The whizzing letters:
Pensions minister Torsten Bell, in a parliamentary response, stated: Over the coming weeks, as part of the annual state pension uprating exercise, around 11 million pensioners will receive a leaflet promoting Pension Credit along with their state pension uprating letter.
Promoting and exhorting to claim are not the same things.
OP should look at recent DWP stats for Pension Credit application processing where she will see that, before the announcement on 29 July 2024, restricting WFP to recipients of Pension Credit, the number of claims not awarded was always high. Between 1,300 and 2,500 claims per week were not awarded compared to 1,900 to 2,500 per week which were awarded.
www.gov.uk/government/statistics/pension-credit-applications-and-awards-november-2024/pension-credit-applications-and-awards-november-2024--2#:~:text=Comparing%20the%2016%2Dweek%20periods,(from%2027%2C100%20to%2053%2C100).
The number quoted by OP covers five years and three months - which averages a non-award rate of 1,200 per week. In that period:
The data shows that since the 2019/20 tax year up to 31st July 2024 the DWP received a total of 848,973 pension credit claims of which 572,565 were awarded. Therefore, around two-thirds (67%) of claims were successful over the period. Do the sums and you will see that is the average non-award rate was around 1,200 per week.

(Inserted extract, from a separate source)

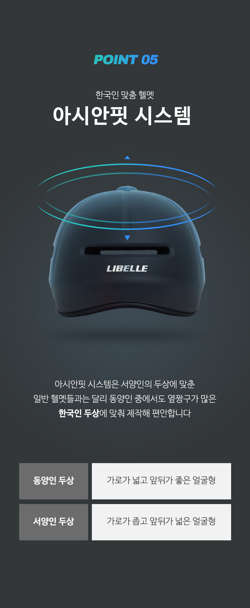 더 섬세한 사이즈 조정이 가능한 리벨르 헬멧은 상하 조절기로 머리 크기에 상관없이 모두 착용하실 수 있으며 뒤 짱구인 분들도 편안하게 조절하여 사용하실 수 있습니다.

www.financialreporter.co.uk/over-270000-pensioners-denied-pension-credit.html
Since the end of July there has been a significant increase in claims and a significant increase in the number not awarded. That makes sense. It's far more likely that people on very low incomes will have already been claiming PC before the WFP announcement. Claims now are likely to be coming from people who are recently retired or whose incomes are on the margins of award or non award.